For each node running a kernel matching the regular expression, KMM now checks if you have included a tag or a digest. If you have not specified a tag or digest in the container image, then the validation webhook returns an error and does not apply the module. For more information, see Example Module CR.
In this release, KMM uses version 1.23 of the Golang programming language to ensure test continuity for partners.
You can now schedule KMM pods by defining taints and tolerations. For more information, see Using tolerations for kernel module scheduling.
In this release, you now have the option to configure the Kernel Module Management (KMM) module to not load an out-of-tree kernel driver and use the in-tree driver instead, and run only the device plugin. For more information see Using in-tree modules with the device plugin.
In this release, KMM configurations are now persistent after cluster and KMM Operator upgrades and redeployments of KMM.
In earlier releases, a cluster or KMM upgrade, or any other action, such as upgrading a non-default configuration like the firmware path that redeploys KMM, could create the need to reconfigure KMM. In this release, KMM configurations now remain persistent regardless of any of such actions.
For more information, see Configuring the Kernel Module Management Operator.
Improvements have been added to KMM so that GPU Operator vendors do not need to replicate KMM functionality in their code, but instead use KMM as is. This change greatly improves Operators' code size, tests, and reliability.
In this release, KMM no longer uses HTTP(S) direct requests to check if a kmod image exists. Instead, CRI-O is used internally to check for the images. This mitigates the need to access container image registries directly from HTTP(S) requests and manually handle tasks such as reading /etc/containers/registries.conf
for mirroring configuration, accessing the image cluster resource for TLS configuration, mounting the CAs from the node, and maintaining your own cache in Hub & Spoke.
The KMM and KMM-hub Operators have been assigned the "Meets Best Practices" label in the Red Hat Catalog.
You can now install KMM on compute nodes, if needed. Previously, it was not possible to deploy workloads on the control-plane nodes. Because the compute nodes do not have the node-role.kubernetes.io/control-plane
or node-role.kubernetes.io/master
labels, the Kernel Module Management Operator might need further configurations. An internal code change has resolved this issue.
In this release, the heartbeat filter for the NMC reconciler has been updated to filter the following events on nodes:
node.spec
metadata.labels
status.nodeInfo
status.conditions[]
(NodeReady
only) and still filtering heartbeats
In this release, the preflight validation resource in the cluster has been modified. You can use the preflight validation to verify kernel modules to be installed on the nodes after cluster upgrades and possible kernel upgrades. Preflight validation also reports on the status and progress of each module in the cluster that it attempts or has attempted to validate. For more information, see Preflight validation for Kernel Module Management (KMM) Modules.

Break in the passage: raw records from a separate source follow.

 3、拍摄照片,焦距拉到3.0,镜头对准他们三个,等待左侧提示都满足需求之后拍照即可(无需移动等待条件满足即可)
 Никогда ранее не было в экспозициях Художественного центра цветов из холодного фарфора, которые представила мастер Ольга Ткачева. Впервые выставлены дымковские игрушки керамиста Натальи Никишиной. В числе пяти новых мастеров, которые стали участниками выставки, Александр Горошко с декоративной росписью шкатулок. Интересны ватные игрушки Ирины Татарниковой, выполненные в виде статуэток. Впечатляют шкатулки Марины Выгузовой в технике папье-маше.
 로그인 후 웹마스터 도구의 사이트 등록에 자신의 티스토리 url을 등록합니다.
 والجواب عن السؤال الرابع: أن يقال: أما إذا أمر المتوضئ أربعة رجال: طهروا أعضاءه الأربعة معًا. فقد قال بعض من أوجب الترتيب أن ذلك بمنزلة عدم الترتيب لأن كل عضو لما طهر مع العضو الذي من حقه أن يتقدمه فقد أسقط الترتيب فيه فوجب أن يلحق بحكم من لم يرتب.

A requirement when creating a kmod image is that both the .ko
kernel module files and the cp
binary must be included, which is required for copying files during the image loading process.
For more information, see Creating a kmod image.
The capabilities
field that refers to the Operator maturity level has been changed from Basic Install
to Seamless upgrades
. Basic Install
indicates that the Operator does not have an upgrade option. This is not the case for KMM, where seamless upgrades are supported.

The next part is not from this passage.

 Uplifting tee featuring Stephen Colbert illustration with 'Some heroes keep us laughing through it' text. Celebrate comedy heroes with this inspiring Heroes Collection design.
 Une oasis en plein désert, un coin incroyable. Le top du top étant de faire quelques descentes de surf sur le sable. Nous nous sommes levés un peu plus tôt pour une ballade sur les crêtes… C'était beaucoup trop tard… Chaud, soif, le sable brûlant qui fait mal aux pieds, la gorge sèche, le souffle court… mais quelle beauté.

Webhook deployment has been renamed from webhook-server
to webhook
.
Cause: Generating files with controller-gen
generated a service called webhook-service
that is not configurable. And, when deploying KMM with Operator Lifecycle Manager (OLM), OLM deploys a service for the webhook called -service
.
Consequence: Two services were generated for the same deployment. One generated by controller-gen
and added to the bundle manifests and the other that the OLM created.
Fix: Make OLM find an already existing service called webhook-service
in the cluster because the deployment is called webhook
.
Result: A second service is no longer created.
Using imageRepoSecret
object in conjunction with DTK as the image stream results in authorization required
error.
Cause: On the Kernel Module Management (KMM) Operator, when you set imageRepoSecret
object in the KMM module, and the build’s resulting container image is defined to be stored in the cluster’s internal registry, the build fails to push the final image and generate an authorization required
error.
Consequence: The KMM Operator does not work as expected.
Fix: When the imageRepoSecret
object is user-defined, it is used as both a pull and push secret by the build process. To support using the cluster’s internal registry, you must add the authorization token for that registry to the imageRepoSecret
object. You can obtain the token from the "build" service account of the KMM module’s namespace.
Result: The KMM Operator works as expected.
Creating or deleting the image or creating an MCM module does not load the module on the spoke.
Cause: In a hub and spoke environment, when creating or deleting the image in registry, or when creating a ManagedClusterModule
(MCM), the module on the spoke cluster is not loaded.
Consequence: The module on the spoke is not created.
Fix: Remove the cache package and image translation from the hub and spoke environment.
Result: The module on the spoke is created for the second time the MCM object is created.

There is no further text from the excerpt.